Müdür Bey, öğrencilerin deyimi ile büyük
teneffüsü bahçede geçirmiş, zil çalınca da bahar havasına
kendisini kaptırıp sınıflara girmek istemez tavırlar ile
oyalanan çocukları içeriye doğru yönlendiren nöbetçi öğretmene
yardımcı olmaya çalışıyordu. Birden mezarlık tarafındaki kapıdan
koşarak giren üç öğrenciyi gördü ve önde koşan okulun en
yaramaz, en haşarı bir o kadar da akıllı olanını hemen
tanıyıverdi. Babacan bir tavırla durun bakalım nereden
geliyorsunuz diye seslenirken gözleri çocukların şişkin bir
şekilde duran pantolon ceplerine takılmıştı. “Ben sana daha dün
mezarlıktan badem toplamayı yasaklamamış mıydım?” diye çıkıştı.
“Yalnız bugün elemanları değiştirmişsin, bu ikisi dünküler
değil. Belli ki mezarlığa badem kopartmaya giden bir dahasına
cesaret edemiyor. Her gün değiştiriyorsun çırakları” diye
söylendi. Yarın babanı bekliyorum artık seni başka türlü
durduramayacağız deyip haydi sınıflara marş marş diye bağırması
ile binanın kapısından içeri dalıp nefes nefese sınıflarına
girmeleri bir olmuştu.
Zeki Dayı, akşam yemeğini bitirip Hacı Hanım’ın
elinden kahvesini de içtikten sonra yatsı namazı hazırlıklarına
başladı. “Acelen ne daha vakit erken” diyen hayat arkadaşına
“Abdülbaki Hoca ile konuşacaklarım var.

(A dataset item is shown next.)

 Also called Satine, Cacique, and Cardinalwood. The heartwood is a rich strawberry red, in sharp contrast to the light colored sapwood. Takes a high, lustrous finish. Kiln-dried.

O erken gelir, namazdan
önce görüşürüm” diye cevap verdi. “Bugün oğlunu okul müdürü
çağırmış. Bizim küçük reis yine Musalla mezarlığından badem
toplayıp teneffüste talebelere satarken Mevlüt Hocaya
yakalanmış. Hoca korkuyor, mezarlıkta başlarına bir iş gelecek
diye. Aslında ticarete yatkınlığını gösteriyor ama mezarlık
işte” dedi. Hadi eyvallah deyip camiye doğru yürümeye başladı.

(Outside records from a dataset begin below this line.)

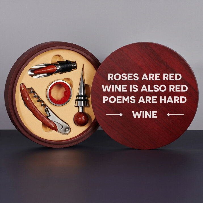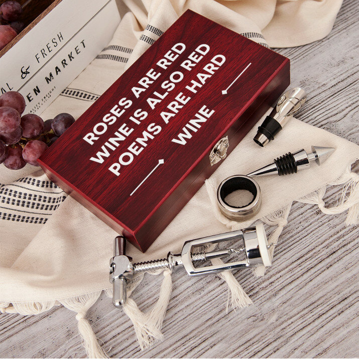 Gražus keturių dalių vyno rinkinys elegantiškoje medinėje dėžutėje su graviravimu ant dangtelio.Rinkinį sudaro kamščiatraukis, 2 kamščiai (įskaitant vieną su piltuvo funkcija) ir žiedas buteliuko kakleliui, apsaugantis nuo lašėjimo.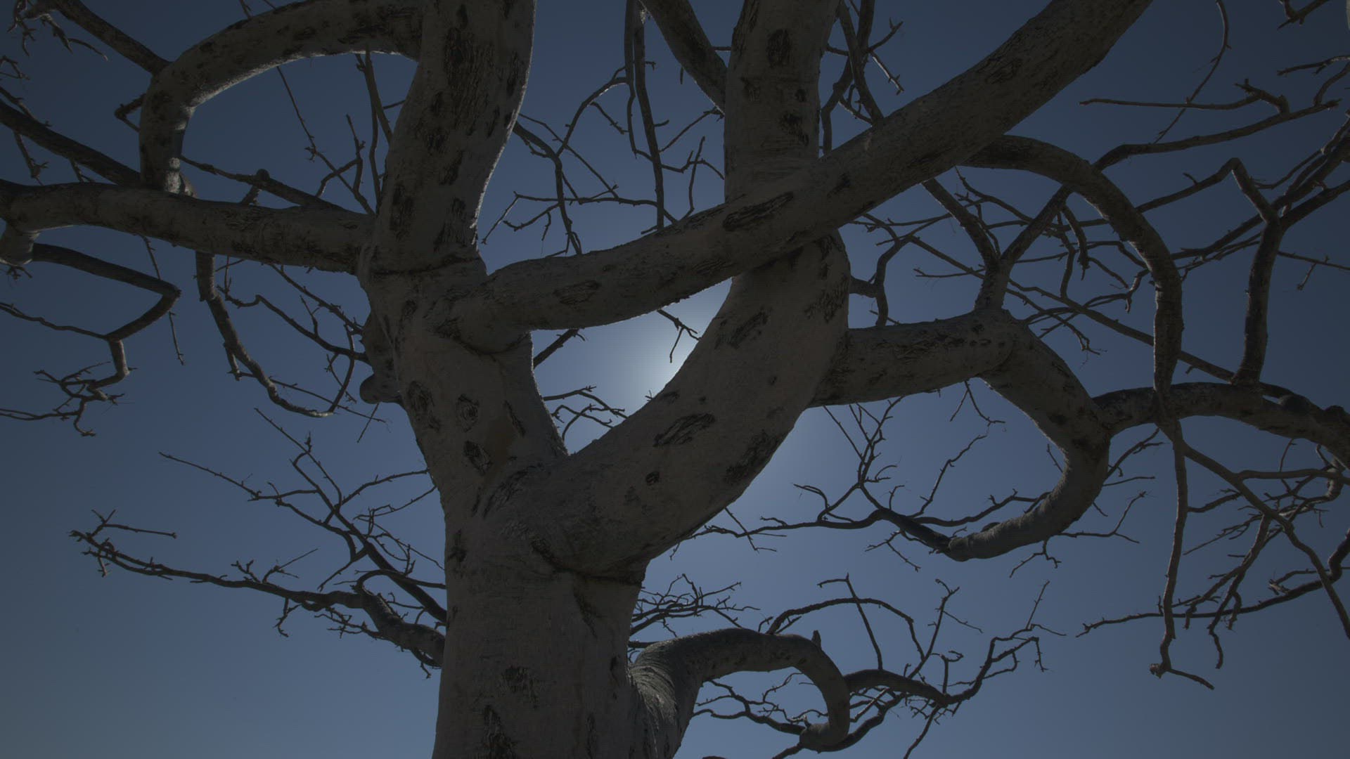 Through the crowns of trees without leaves, against the background of a gray sky, multi-storey residential buildings are visible
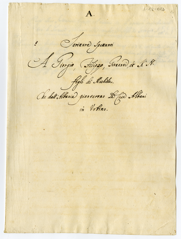 Scritture spettanti a Giorgio, Filippo, Giovanni, et N. N. figli di Michele, che dall'Albania piantarono la Casa Albani in Urbino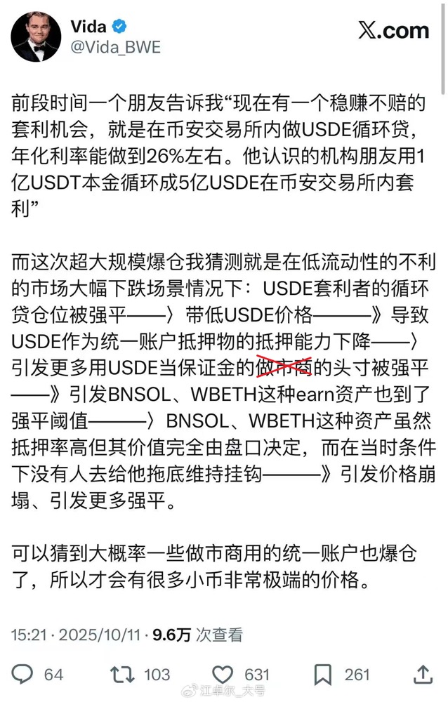 Especially those who used ETH/SOL to collateralize wbETH/bnSOL, then borrowed USDT with wbETH/bnSOL, and then exchanged for USDe for circular loans. After USDe dropped to 0.65, the overall collateralization rate was insufficient, leading to forced liquidation of their entire accounts.

Torununun daha ilkokula başlamadan asmadan yaprakları toplayıp
kapının önünde satmak için tezgâh açtığını hatırladı. 3. sınıfta
iken ise beslenmesine fazladan meyve koydurup sınıf
arkadaşlarına satıyordu. Hatta bir keresinde dükkândan market
camlarına yapıştırılan ürün etiketlerini bile okula götürüp
satmıştı arkadaşlarına. Ama bu mezarlık işi tehlikeliydi. Oğlum
mezarlıktan toplanan meyve helal olmaz filan deseler de laf
anlamamış ticaretini devam ettiriyordu! Reis.

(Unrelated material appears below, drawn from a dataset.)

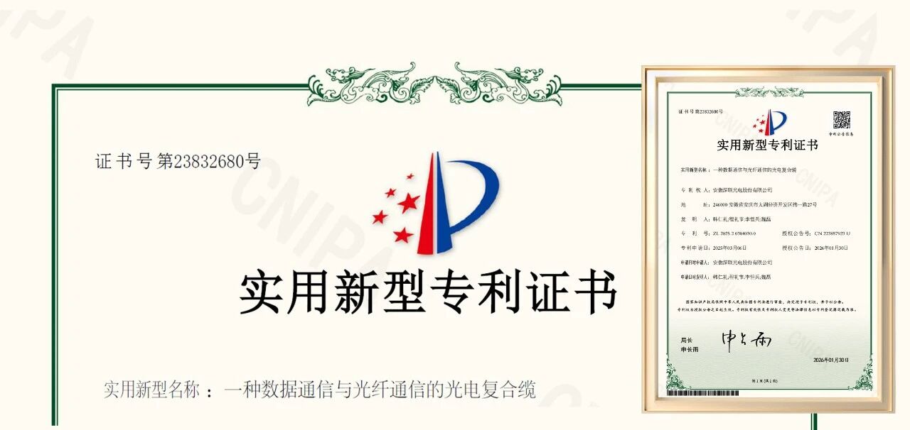 在电缆技术蓬勃发展的时代背景下,安徽深联光电股份有限公司凭借深厚的技术积淀与前瞻性创新布局,在光电复合缆领域持续深耕、稳步推进相关技术与产品发展。近日,公司自主研发的“一种数据通信与光纤通信的光电复合缆”,实现数据通信光纤通信双通道高效集成,荣获国家实用新型专利授权(专利号:ZL 2025 2 0384030.0,公告号:CN223857923 U,公告日:2026年1月30日),标志着其技术成果获得国家级认证。

Camiye girdiğinde imam odasında otururken buldu
Baki Hoca’yı. Aralarında birkaç yaş olsa da neredeyse çocukluk
arkadaşıydılar. Uzun yıllar Kapu Camisi’nde imamlık yaptıktan
sonra Külahçı Camisi’nden emekli olan Hoca, aynı caminin cemaati
olarak her vakit genç imamın ardında yerini alır, derin fıkıh
bilgisi ile de yatsı namazlarından önce bir sorusu olan olursa
faydalı olmaya çalışırdı. Baktı yalnız oturuyor durumu anlattı
Hoca’ya. Hoca “Vay kerata vay” dedi. “Dedesine çekmiş ne olacak.
Yarın namazdan sonra gidip bir çaylarını içelim. Nasihat edelim
İnşallah”
Öyle de oldu. Ertesi gün yatsı namazından sonra
sefere çıkılmıştı... Ağzı dualı bereketli birisiydi mübarek.
Arabanızın tekerine taş değmesin diye başlar, Allah aşınızdan
işinizden eşinizden ayırmasın diye duaya devam ederdi. Abdülbaki
Hoca gelir de kuru bir çay ile ağırlanır mı düşüncesiyle çiğ
köfte yapılmış çayın yanına kek, pasta hazırlanmış, meyveler de
unutulmamıştı. Tabi tüccar bey! durumdan haberdar edilmemiş ama
aklı erdiğinden beri her gördüğünde elini öpmeye koştuğu Hoca
amcasının evlerine geleceğini duyunca çok sevinmişti. Çaylar
içilip bardaklar toplandıktan sonra babası mevzuyu açınca şafak
attı ama biraz mahcup biraz öfkeli mecburen dinlemeye başladı.
“Hocam bizim bu oğlumuz okulunun arkasındaki
mezarlıkta bulunan badem ağaçlarından çağla toplayıp
arkadaşlarına satıyormuş. En sonunda Müdür Bey beni çağırdı.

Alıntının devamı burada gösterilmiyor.